8 of 117 comments (clear)

  1. Re:disappointing by Anonymous Coward · · Score: 5, Funny

    It only lasted for a picosecond...

    Longer than I usually do.

  2. Re:disappointing by ShanghaiBill · · Score: 5, Informative

    It only lasted for a picosecond...

    A petawatt for a picosecond is one kilojoule. That is enough energy to warm a liter of water by 0.24C.

  3. Analogies? by marciot · · Score: 4, Funny

    Help me understand. Is a two petawatt laser being fired for a picosecond more like being sneezed on by a rhino with a cold or more like being shat on by an elephant with a bad case of explosive diarrhea?

  4. Re:Why does anyone care? by Noah+Haders · · Score: 5, Informative

    Why should anyone care about the power level, as opposed to the pulse energy?

    people who have tattoos should care, for one. the ideal tattoo removal laser has really high instantaneous power but really short pulses. this way you get high power but low energy per pulse.

    the tattoo ink breaks down better with higher power lasers because it breaks the bonds holding the ink molecules together. but by keeping the energy per pulse low, you're minimizing the tissue damage since tissue damage grows with the amount of energy absorbed by the skin. when you break up the ink molecules into smaller pieces then the immune system can flush away the bits into your lymph nodes. tattoo is gone!

  5. If I only worked for 1 picosecond... by SlithyMagister · · Score: 5, Funny

    I'd get fired too

  6. Re:Why does anyone care? by Anonymous Coward · · Score: 5, Interesting

    Timewise, atomic/molecular physics spans many orders of magnitude (from metastable states with lifetimes measured in hours, to inner-shell Auger processes with lifetimes measured in femtoseconds).

    However making short pulses isn't the true goal of lasers like this (A Q-switched laser that fits on a coffee table can make femtosecond pulses).

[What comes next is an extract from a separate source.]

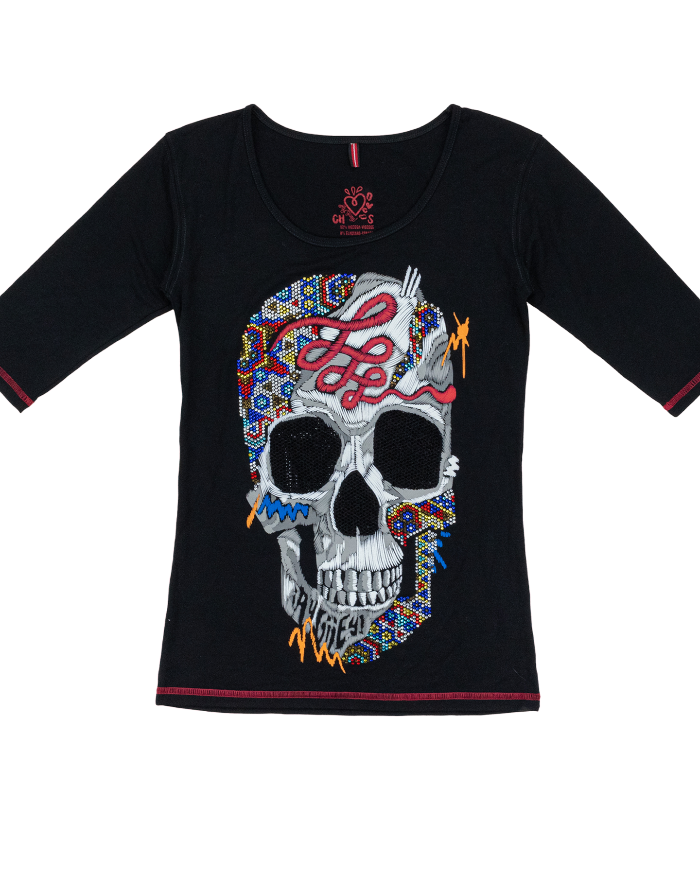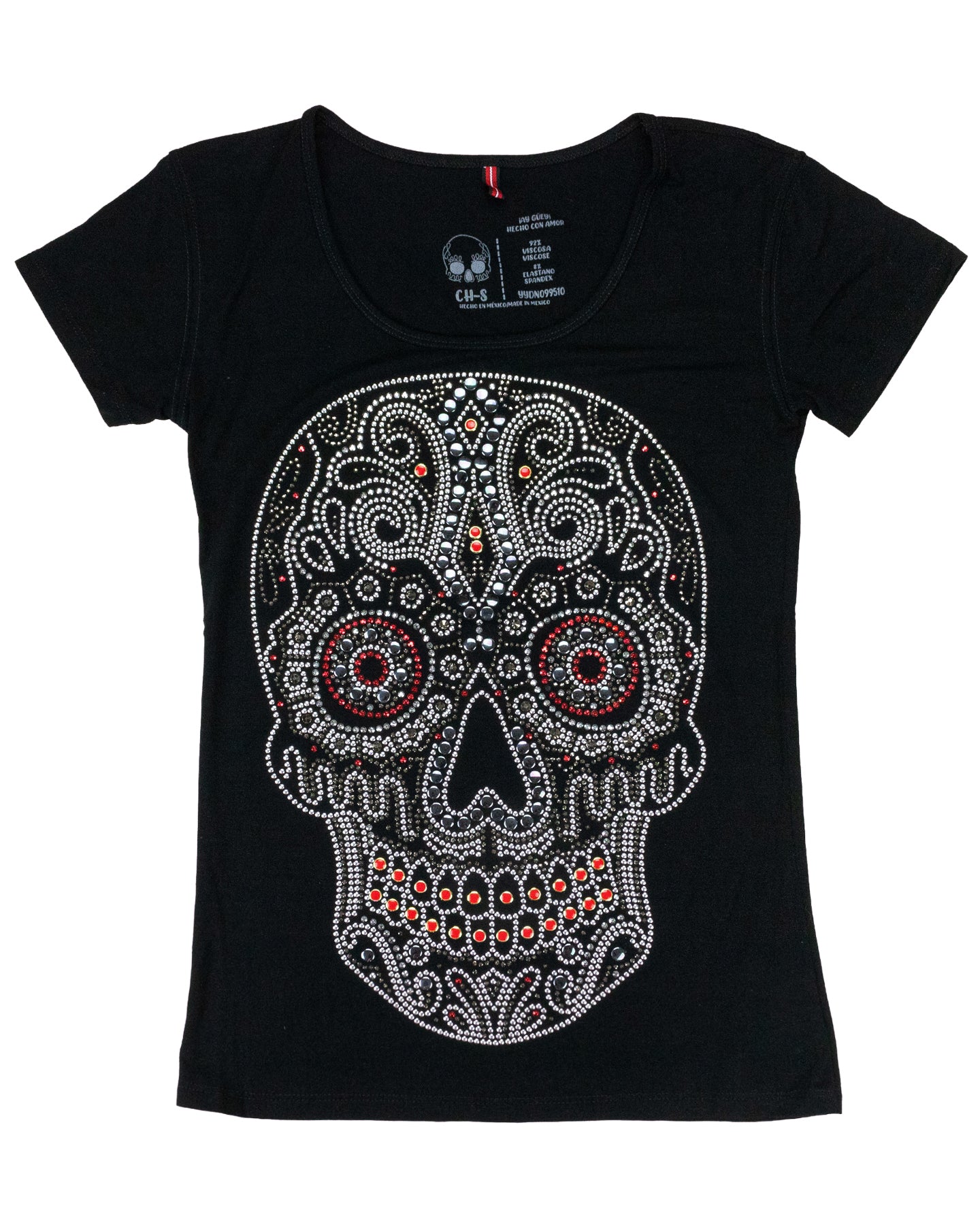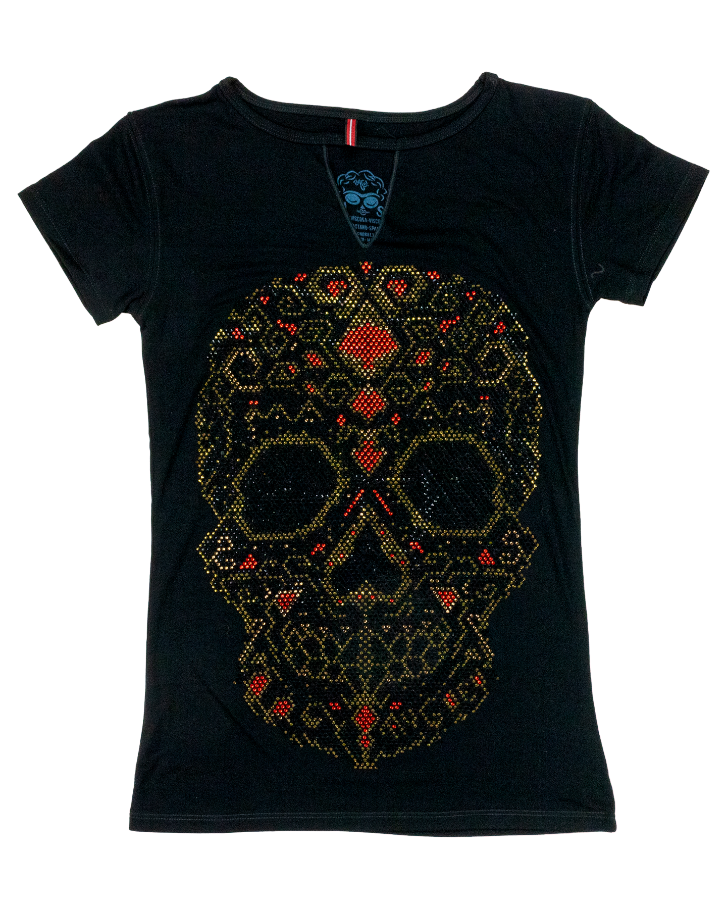 ♦️Playera estampada con aplicación de pedrería brillante para mujer - Modelo AGUIRRE

The true thing of interest is the *number density of photons*. Since it's a laser, the photons have the same energy. Then the total number of photons is proportional to the energy in the pulse, but the *number density* - N/V - scales as the inverse of the spot size and the inverse of the duration (since duration = length / c).

    Therefore, the smaller the spot size and the shorter the pulse, the higher the number density of photons that is acheived in a given energy.

    When you have a high enough number density, nonlinear things (whose rate of occurrence is the number density of photons raised to the order of the nonlinearity) happen and nonlinear things are Generally Interesting. For example, a sufficiently high laser power is capable of literally blowing protons/neutrons out of an atomic nucleus - IF you can dump roughly a nucleon binding energy into an area the size of a nucleus, in less than the time it will try to radiate it away.

  7. Re:Why does anyone care? by umafuckit · · Score: 5, Informative

    I don't know about those times scales, but femto-second pulsed lasers are damn useful for imaging. Briefly, say the experimenter images green fluorescence. Normally, to get green fluorescence you need to excite with blue light of, say, 450 nm. However, if you can pack enough photons into a short packet then you can also get green fluorescence at about double the wavelength. It's called "two photon absorption" and won a Nobel prize. So you pump in 900 nm light and get back green. The advantage is that longer wavelengths are scattered less by biological tissue and, crucially, the depth of field is much better so there is very little out of focus emitted green light (see image in link). Because the laser scans over the specimen relatively slowly (e.g. a few times a second), you can collect scattered green photons and still assign them back to where they came from. So it's very efficient. Maybe this new laser will all for the process to work efficiently with 3 or even 4 photons.

  8. Re:disappointing by arglebargle_xiv · · Score: 4, Funny

    It only lasted for a picosecond...

    They couldn't risk cooking the shark it was attached to.